» **EXTRACTED DATA**:

----

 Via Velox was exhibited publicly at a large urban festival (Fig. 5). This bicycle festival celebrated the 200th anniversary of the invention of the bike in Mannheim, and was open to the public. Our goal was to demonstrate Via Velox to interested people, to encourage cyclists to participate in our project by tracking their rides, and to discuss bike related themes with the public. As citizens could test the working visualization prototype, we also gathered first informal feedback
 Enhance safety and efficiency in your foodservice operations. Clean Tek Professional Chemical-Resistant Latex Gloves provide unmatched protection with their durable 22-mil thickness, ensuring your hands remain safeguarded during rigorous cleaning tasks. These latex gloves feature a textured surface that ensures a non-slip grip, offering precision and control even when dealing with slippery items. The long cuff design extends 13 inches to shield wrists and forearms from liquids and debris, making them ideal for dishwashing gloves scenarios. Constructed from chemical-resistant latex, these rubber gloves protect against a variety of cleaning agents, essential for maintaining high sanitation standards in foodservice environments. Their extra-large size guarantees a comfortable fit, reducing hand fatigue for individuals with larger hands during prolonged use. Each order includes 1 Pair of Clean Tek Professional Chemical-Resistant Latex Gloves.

----

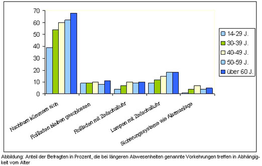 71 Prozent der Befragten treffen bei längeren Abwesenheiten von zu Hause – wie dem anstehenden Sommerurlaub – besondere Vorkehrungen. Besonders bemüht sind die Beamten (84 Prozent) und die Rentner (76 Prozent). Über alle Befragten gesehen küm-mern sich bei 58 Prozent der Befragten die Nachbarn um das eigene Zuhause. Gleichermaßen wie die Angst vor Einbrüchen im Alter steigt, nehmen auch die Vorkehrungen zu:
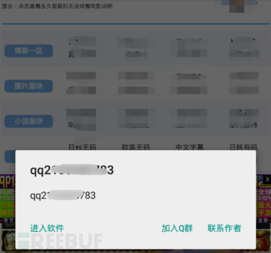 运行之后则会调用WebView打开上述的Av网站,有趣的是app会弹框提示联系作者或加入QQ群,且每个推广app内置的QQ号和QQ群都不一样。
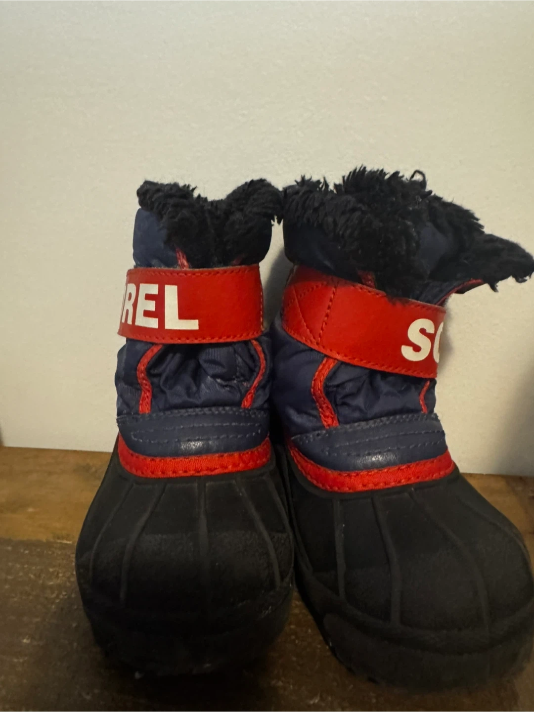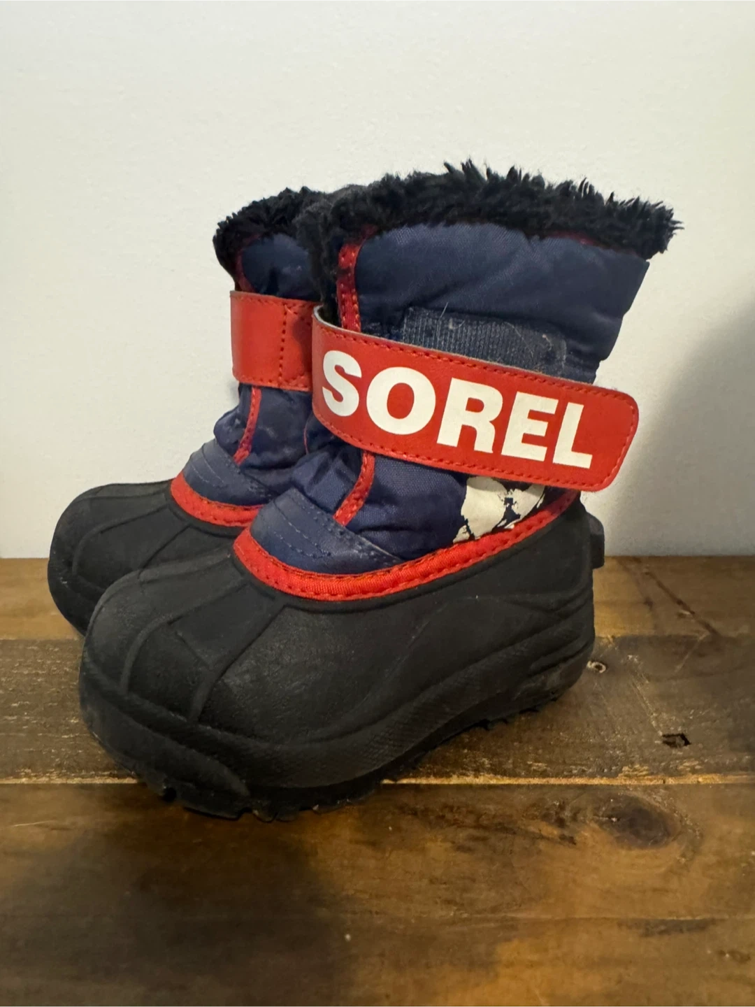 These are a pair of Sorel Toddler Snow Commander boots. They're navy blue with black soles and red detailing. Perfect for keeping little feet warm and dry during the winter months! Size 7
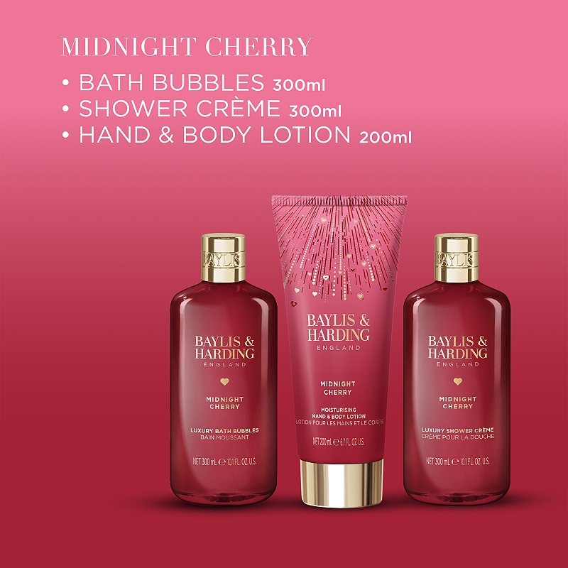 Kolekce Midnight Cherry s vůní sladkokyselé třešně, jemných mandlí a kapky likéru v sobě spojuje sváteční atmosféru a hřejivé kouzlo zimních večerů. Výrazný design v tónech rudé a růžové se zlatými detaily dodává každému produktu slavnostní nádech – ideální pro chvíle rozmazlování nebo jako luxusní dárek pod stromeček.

----

» **TASK REQUIREMENTS**: Out of the data above, set down the lines from the one with "Via Velox was" to the one with "Enhance safety and", both included, exactly as written and with no additions.

» **RESPONSE AREA**:
 Via Velox was exhibited publicly at a large urban festival (Fig. 5). This bicycle festival celebrated the 200th anniversary of the invention of the bike in Mannheim, and was open to the public. Our goal was to demonstrate Via Velox to interested people, to encourage cyclists to participate in our project by tracking their rides, and to discuss bike related themes with the public. As citizens could test the working visualization prototype, we also gathered first informal feedback
 Enhance safety and efficiency in your foodservice operations. Clean Tek Professional Chemical-Resistant Latex Gloves provide unmatched protection with their durable 22-mil thickness, ensuring your hands remain safeguarded during rigorous cleaning tasks. These latex gloves feature a textured surface that ensures a non-slip grip, offering precision and control even when dealing with slippery items. The long cuff design extends 13 inches to shield wrists and forearms from liquids and debris, making them ideal for dishwashing gloves scenarios. Constructed from chemical-resistant latex, these rubber gloves protect against a variety of cleaning agents, essential for maintaining high sanitation standards in foodservice environments. Their extra-large size guarantees a comfortable fit, reducing hand fatigue for individuals with larger hands during prolonged use. Each order includes 1 Pair of Clean Tek Professional Chemical-Resistant Latex Gloves.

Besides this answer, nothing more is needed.